:: What is required ::
Reproduce the listing in full, pictures excluded.

BEGIN Supplied data

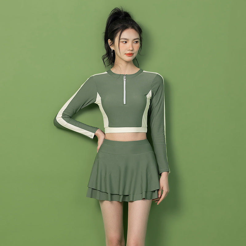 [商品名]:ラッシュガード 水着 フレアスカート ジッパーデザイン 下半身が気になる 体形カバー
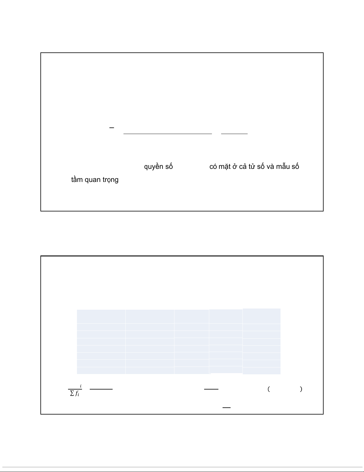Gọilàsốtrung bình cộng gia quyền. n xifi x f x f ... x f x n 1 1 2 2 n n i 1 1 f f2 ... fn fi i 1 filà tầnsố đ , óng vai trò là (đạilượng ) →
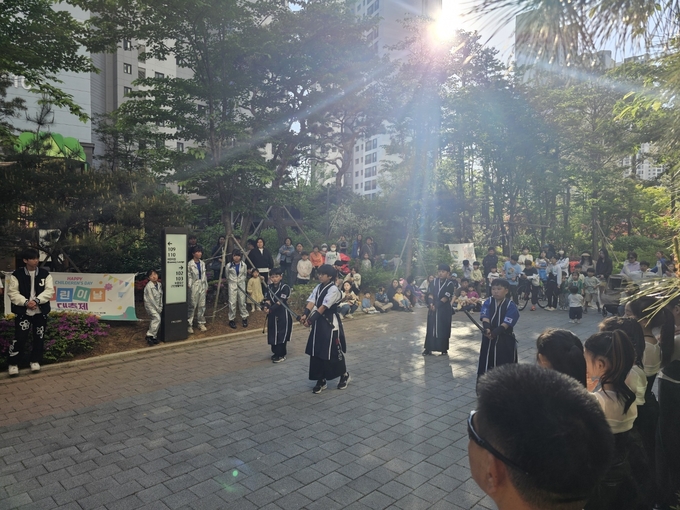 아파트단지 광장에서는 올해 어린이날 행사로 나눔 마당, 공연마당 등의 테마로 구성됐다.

END Supplied data

:: Solved exercise ::
 [商品名]:ラッシュガード 水着 フレアスカート ジッパーデザイン 下半身が気になる 体形カバー
Gọilàsốtrung bình cộng gia quyền. n xifi x f x f ... x f x n 1 1 2 2 n n i 1 1 f f2 ... fn fi i 1 filà tầnsố đ , óng vai trò là (đạilượng ) →
 아파트단지 광장에서는 올해 어린이날 행사로 나눔 마당, 공연마당 등의 테마로 구성됐다.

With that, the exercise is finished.